Optimism is a wonderful part of what makes us human. It’s also very much a part of corporate culture. We plan for growth, we have stretch targets, we discuss wins. Is it any wonder then, that too often organisations shy away from tough conversations, such as Business Continuity Planning (BCP) as it relates to issues and crises management?
The Covid-19 virus and subsequent economic impact highlights the need for organisations big and small to have a Business Continuity Plan in place. Now’s a very good time to open this conversation with key stakeholders, whilst they can relate. While it’s a prickly subject that can feel difficult or dramatic to address, the fact is that when you’re prepared, your organisation will be in much better shape to cope with “the slings and arrows of outrageous fortune”, so to speak.
For instance, Golden Equator Consulting is hubbed at SPECTRUM – a connected business community with shared offices.

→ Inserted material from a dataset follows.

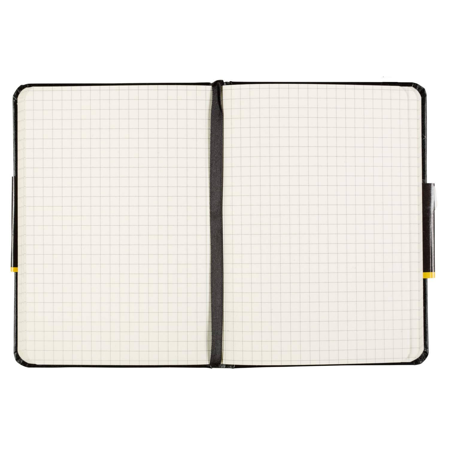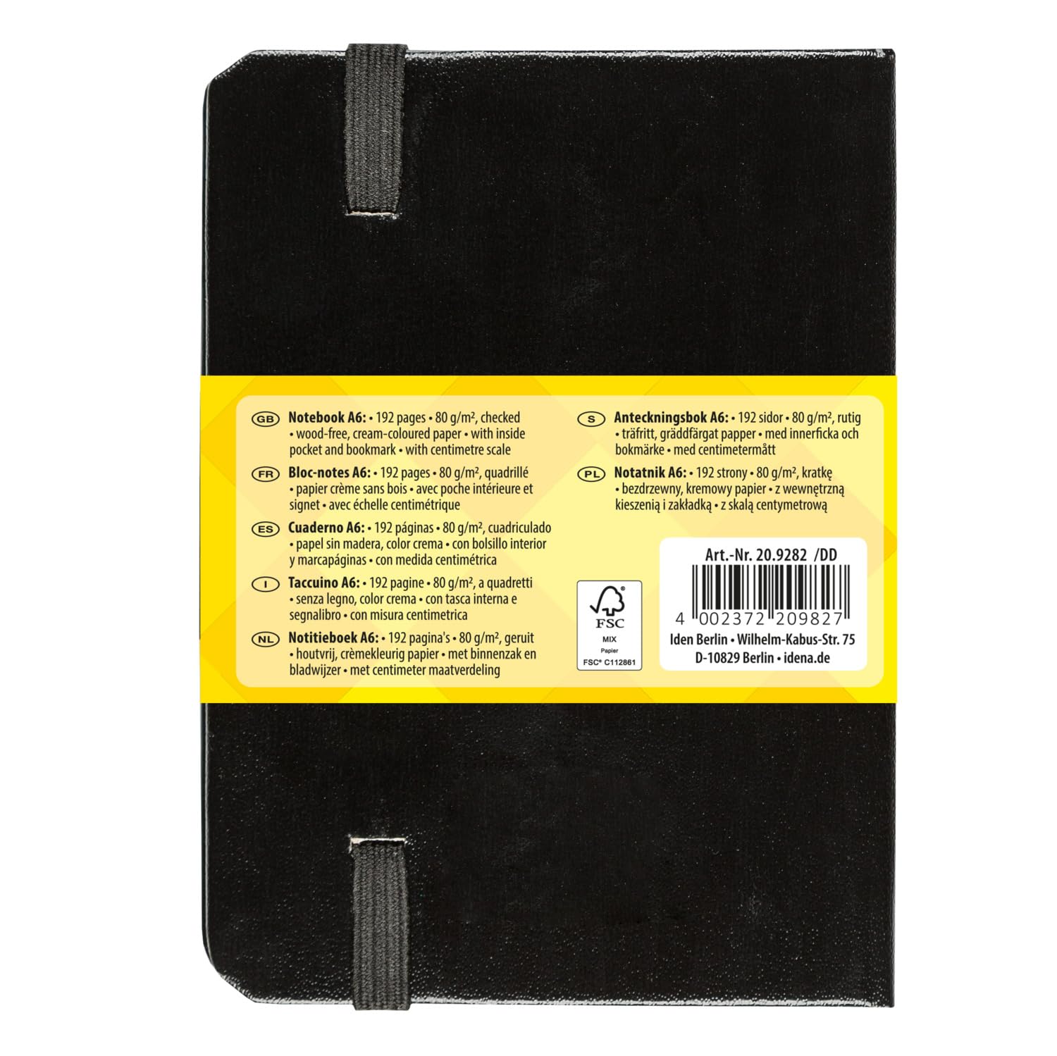 - Es ist mit einem schwarzen Gummiband verschliessbar und verfügt über ein schwarzes Hardcover mit Kunstlederbezug

When it comes to crisis preparedness, SPECTRUM’s been ready with plans, processes and escalation procedures to deal with a range of scenarios, in this instance Covid-19. Having a plan means that enacting operational contingencies and communicating with stakeholders to ensure continuity, becomes more straightforward. It means composure in times of challenge, as opposed to mayhem. It means that people know what they’re meant to do and they are empowered to get on with it, rather than being disrupted and feeling unsure.
Scenarios like this don’t happen every day but it does go to show that “anything can happen” in business, as in life. Business continuity, including issues and crisis readiness is an area of focus in our practice; we’d like to share with you some thought-starters, with top-line points to consider as you go about planning.
- Scenario planning and risk assessment: This involves mapping out all the possible situations that could impact your business, from hackings to hijackings. Yes, it’s a grim process but necessary. Get people from various departments involved in this, to understand potential threats from all angles. Following this, a risk assessment needs to be conducted across the business to understand risk level and potential impact to continuity.
- Communications planning: Ensure your C-suite and public spokespeople are media trained specifically for issues and crises. Recalling the worst corporate crises, often the ones which spring to mind are those where the response from leadership has been poor, late or worse, altogether absent. Time is of the essence in a crisis and preparedness is key. Having pre-written authorised internal and external communications, such as holding statements, for each issue noted on the scenario plan, is strongly advised as this will save you time and help diminish mishandling under pressure. Even if the issue or crisis is different to those anticipated in the scenarios, the very act of preparing such communications ensures greater overall fluency and confidence, as well as a touchpoint for reference, when drafting communications under pressure. Remember to also consider action you may take on your public channels, for instance your website, social pages as well as publicly running ad campaigns. Have media monitoring in place – digital and social media monitoring is particularly handy, indicating public sentiment and escalation/de-escalation, as well as enabling targeted public outreach.
- Contingency and Operations planning: It’s essential to map contingencies to mitigate issues and operational blueprints to manage issues and crises. When it comes to managing challenges it’s essential to empower your employees. Everyone should know their role and modus operandi in times of crisis, everyone from the receptionist to the CEO has a critical role to play. Make sure these roles are documented and coached. Oftentimes these roles can be quite different to everyday work, with stringent chains of command. A war room also needs to be organized to hub the crisis management team, with everything the crisis team may need to be made available, connected and secured at a moment’s notice. To improve a company’s preparedness and resilience, many organisations will stand to benefit greatly from crisis simulation work. This work can be conducted in small simulations, or company-wide.
- Hard and soft copy documentation: You’ll need your Business Continuity Plan documented, along with a repository of resources to support. These may include any number of useful documents, such as:
- Crisis team names, roles and contact details (including designated alternates)
- A company-wide org chart and contact list
- Crisis communications chain-of-command flowchart
- Network access credentials
- Revise and refresh: Your Business Continuity Plan is a live document. Update it with new team members, contact details, review new scenarios, ensure the legal team checks the statements from time to time and – crucially – ensure that employees and critical partners remain refreshed and up to date on their roles and responsibilities in a crisis.
Time spent in “peace time” is critical time saved in “war time”, where every minute counts, quite literally. In this age of disruption, planning for potential and known risks is a responsible business practice, enabling a resilient and confident culture.